• _Work item_
Your copy of the listing should be exact and should contain no pictures.

• _Data extract_
══════
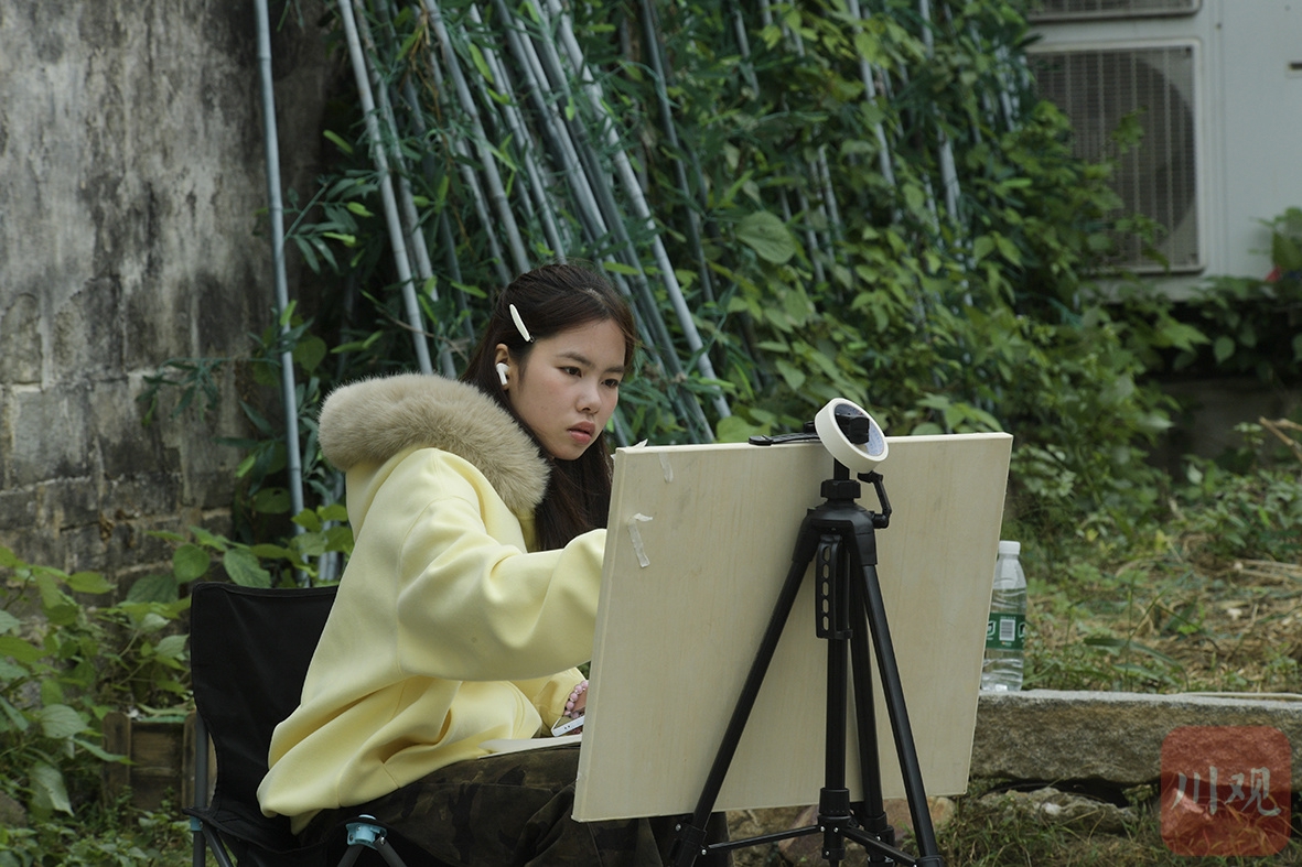 绿植环绕的户外一隅,美术学院的女生正在专注写生。
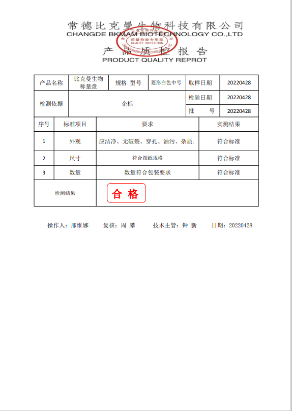 比克曼生物 塑料稱量盤 菱形白色中號 110406005 20220428
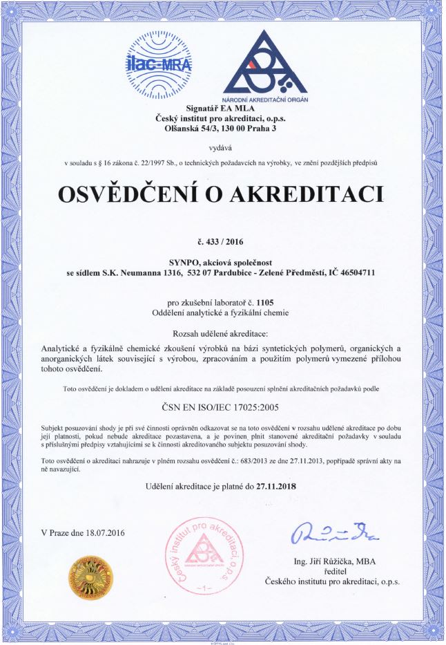 Zkušební laboratoř č. 1105 Oddělení analytické a fyzikální chemie, akreditovaná ČIA podle normy ČSN EN ISO/IEC 17025:2018 pro analytické a fyzikálně chemické zkoušení výrobků na bázi syntetických polymerů, organických a anorganických látek souvisejících s výrobou, zpracováním a použitím polymerů vymezené přílohou akreditačního osvědčení.
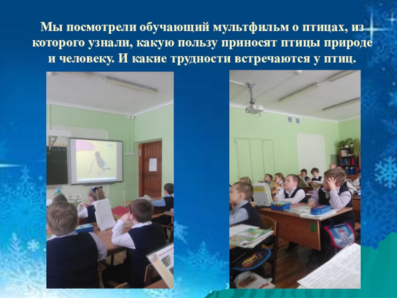 Слайд 6Мы посмотрели обучающий мультфильм о птицах, из которого узнали, какую пользу
══════
• _Answer space_
 绿植环绕的户外一隅,美术学院的女生正在专注写生。
 比克曼生物 塑料稱量盤 菱形白色中號 110406005 20220428
 Zkušební laboratoř č. 1105 Oddělení analytické a fyzikální chemie, akreditovaná ČIA podle normy ČSN EN ISO/IEC 17025:2018 pro analytické a fyzikálně chemické zkoušení výrobků na bázi syntetických polymerů, organických a anorganických látek souvisejících s výrobou, zpracováním a použitím polymerů vymezené přílohou akreditačního osvědčení.
 Слайд 6Мы посмотрели обучающий мультфильм о птицах, из которого узнали, какую пользу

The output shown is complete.